O Apelante vem impugnar a decisão proferida sobre a matéria de facto, sustentando que os factos enunciados como provados sob os nºs 21, 22, 23, 25, 29 e 30 devem considerar-se como não provados e sustentando que devem ser considerados provados os factos enunciados como não provados sob as alíneas a) a g).

Ao contrário do que refere a Apelada, o Apelante cumpriu – em moldes que temos por suficientes e adequados – os ónus impostos pelo art. 640º, indicando, designadamente, as passagens da gravação em que se baseia e procedendo à transcrição dos excertos dos depoimentos que entende serem relevantes.

Apreciemos, portanto, essa matéria.

O Apelante começa por sustentar que, ao contrário do que se decidiu, deve considerar-se provado o facto enunciado como não provado sob a alínea a), ou seja, que no troço da recta são visíveis marcas rodoviárias longitudinais descontínuas, dizendo apenas que tais marcas estão assinaladas no croquis e não foram postas em causa pela demais prova produzida.

Importa esclarecer que o aludido facto – a considerar-se provado, como pretende o Apelante – transmitiria a ideia de que tais marcas descontínuas existiam no local do embate (uma vez que este já se situa na recta), o que não corresponde à verdade e não resulta do croqui.
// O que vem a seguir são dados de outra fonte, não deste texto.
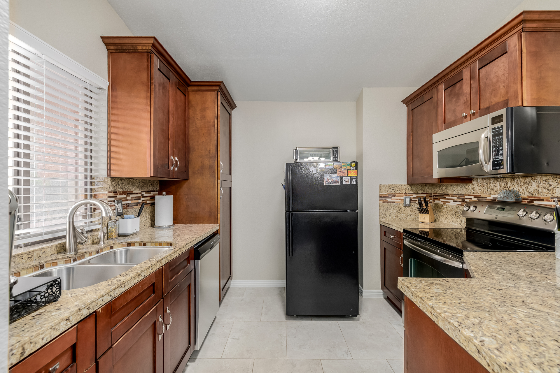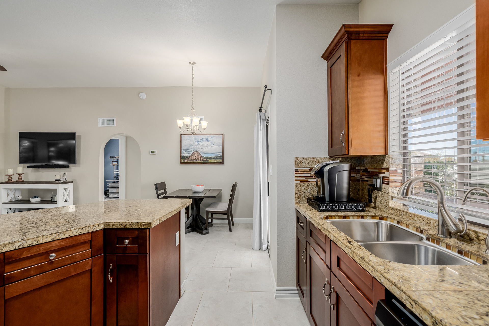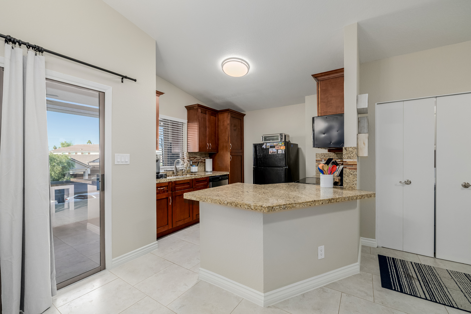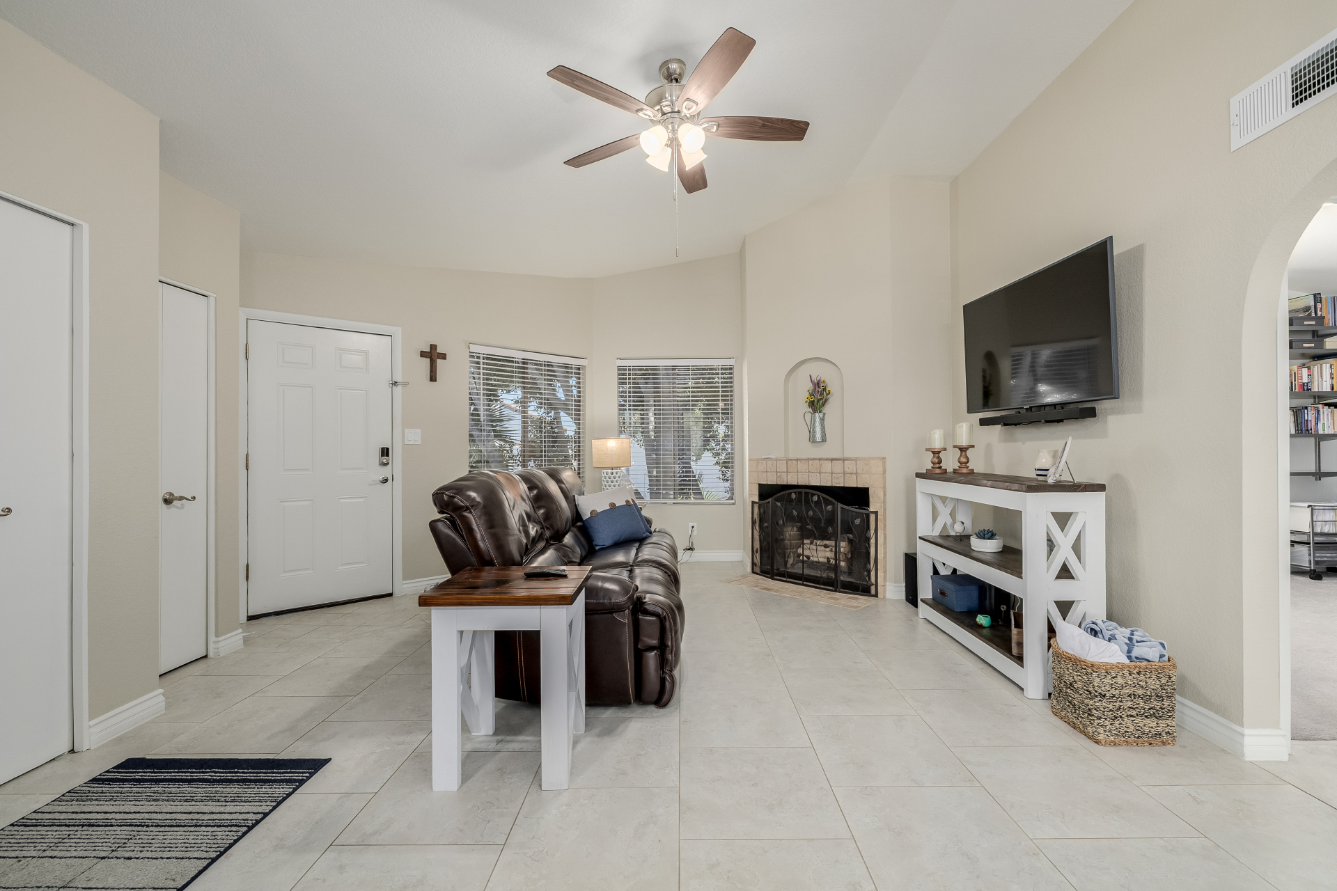 Adorable 2-bedroom upstairs condo in Shadow Run, offering beautiful pool views! The inviting interior showcases abundant natural light, a neutral palette, vaulted ceilings, and tile flooring w/carpet in bedrooms. With a fireplace as the focal point, the desirable great room exudes warmth & charm. The kitchen boasts SS appliances, granite tile counters/backsplash, ample wood cabinetry w/crown molding, and a peninsula w/breakfast bar. The primary bedroom features a private vanity area connected to a walk-in closet, with direct access to the Jack & Jill bathroom for added convenience. If you want to relax or enjoy BBQ, the cozy balcony awaits you! The assigned parking space is a plus. Take advantage of the Community pool and spa! Excellent Chandler location close to everything. Welcome home!
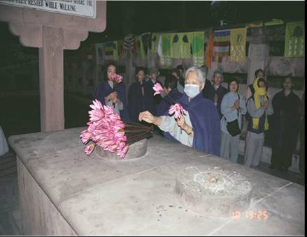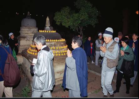 供烛代表佛光照亮大地、照耀十方三世恶道众生。供烛也代表行般若波罗蜜,用般若智照破一切烦恼,度到彼岸。我们辛苦地从台湾携带六百颗品质很好的蜡烛至印度,代表我们供佛的虔诚心意。
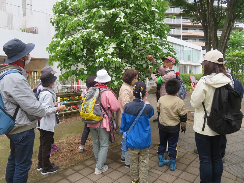 ![]() 02 緑園の道を歩いて ヤマボウシの咲く花を観察、白い花びらに見える総苞片、真ん中の球体に小さく咲くのが花です…虫メガネで観察 |
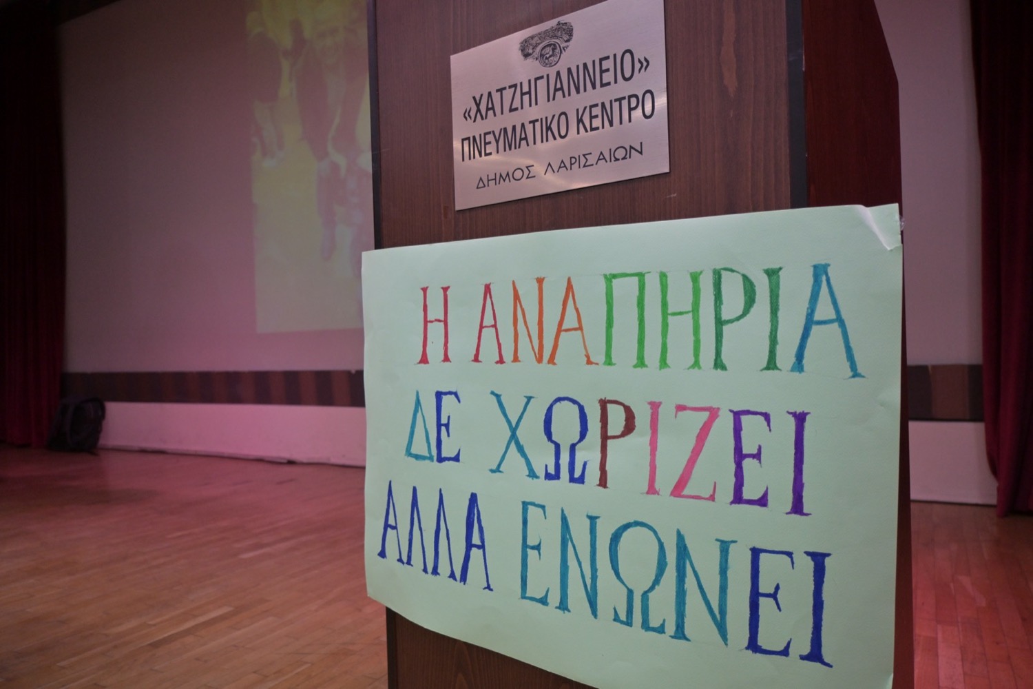 Εκδήλωση – αφιέρωμα στα άτομα με αναπηρία διοργάνωσε Αντιδημαρχία Πολιτισμού Λάρισας, η Ένωση Λογοτεχνών – Συγγραφέων Λάρισας και το 1ο Γυμνάσιο Βόλου (Παγκύπριο), με αφορμή το βιβλίο του Φάνη Παπαδημητρίου «KOPF HOCH!» – «Ψηλά το κεφάλι», στο Χατζηγιάννειο Πνευματικό Κέντρο Λάρισας.
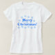 Separe la alegría del día de fiesta con esta camiseta nevosa de las Felices Navidad en texto azul y asperjada con los copos de nieve.
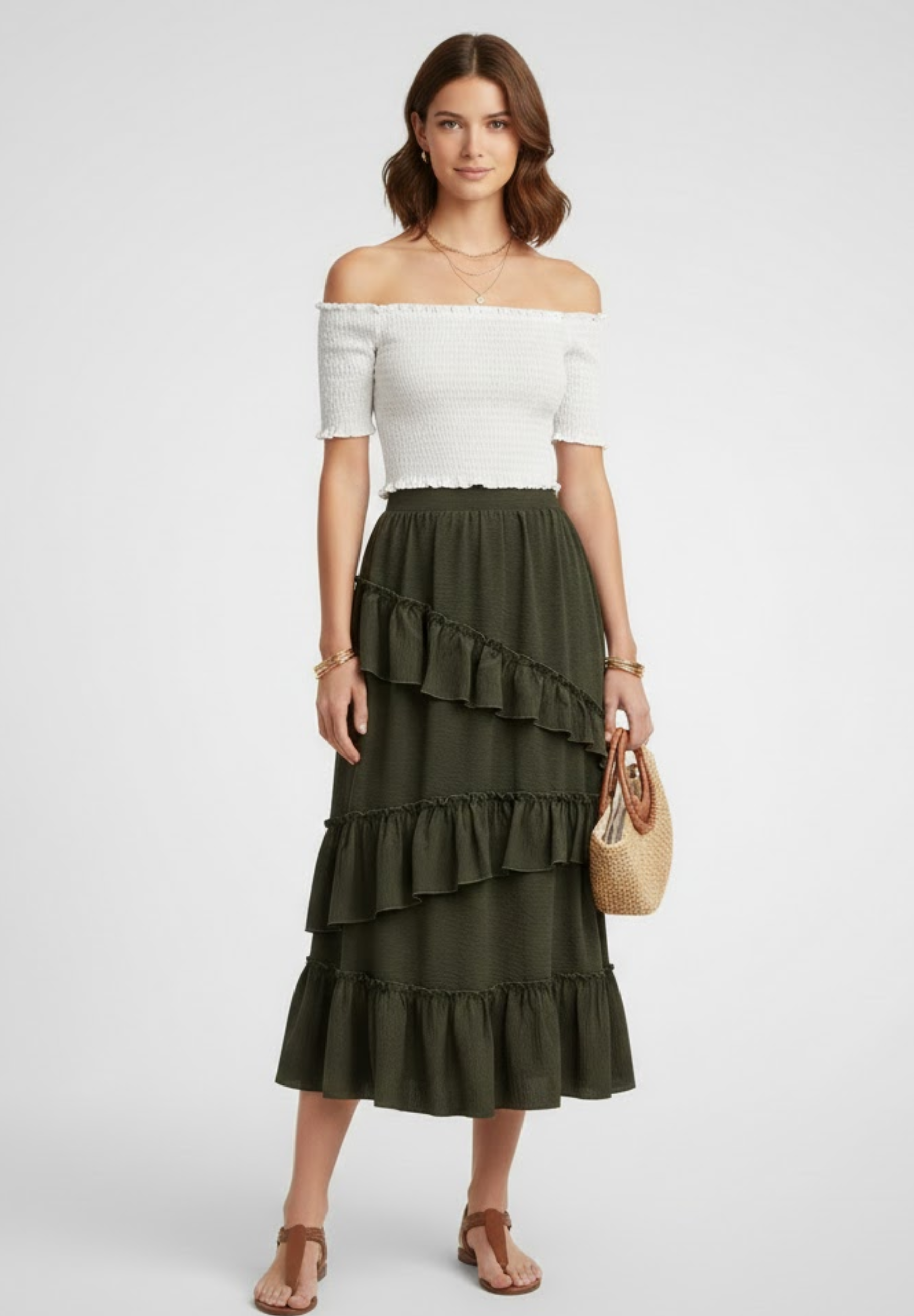 Craquez pour la jupe plissée verte et dynamisez votre style avec une pièce élégante et pleine de caractère. Une jupe tendance et intemporelle, parfaite pour créer des looks uniques et raffinés, quelle que soit la saison

Sendo totalmente irrelevante para a decisão as marcas existentes após o local do embate (que estão referidas no croqui), o que relevaria apurar eram apenas as marcas existentes no local do embate e antes desse local (ou seja, no local onde teria sido feita a ultrapassagem) e a verdade é que entre a curva ali existente e o caminho aqui em questão, as únicas marcas que estão assinaladas no croqui são as que se encontram em frente ao prédio nº 397 e em frente ao caminho aqui em causa, marcas estas cuja existência já consta dos pontos 11 e 13. E, além dessas marcas, nenhumas outras marcas estão assinaladas no croqui (relativamente ao local que aqui nos interessa – entre a curva e o caminho), ali se referindo expressamente que qualquer outra linha que ali tivesse existido (contínua ou descontínua) não era visível. E essa situação é confirmada expressamente pela testemunha G... (que elaborou a participação do acidente) e pelas demais testemunhas, designadamente, F... , sendo que nenhuma testemunha aludiu à visibilidade de qualquer linha (contínua ou descontínua) que existisse no local.

O aludido facto não poderá, portanto, considerar-se provado.

O Apelante prossegue, dizendo que não poderia considerar-se como não provado o facto constante da alínea g), ou seja, que o embate ocorreu 2,50 metros antes do enfiamento para o caminho particular referido na alínea I dos factos assentes, devendo mesmo considerar-se provado que o embate ocorreu 4,35m antes daquele enfiamento.

Baseia-se, para o efeito, no croqui e nas medidas que dele constam – a distância do local do embate à berma (2 metros) e a distância daquele local ao poste de iluminação pública situado à esquina do lado nascente da embocadura do entroncamento referido em I) dos factos assentes (cuja localização resulta das fotografias juntas aos autos) – e nos depoimentos das testemunhas, C... e F... (dos quais teria resultado que a largura do caminho não era superior a 3,50m) para concluir, com base no teorema de Pitágoras, que a colisão entre os veículos só pode ter ocorrido mais de 2,50 metros antes do enfiamento da margem do lado poente (lado de Resende) do caminho particular na E.N. nº 222.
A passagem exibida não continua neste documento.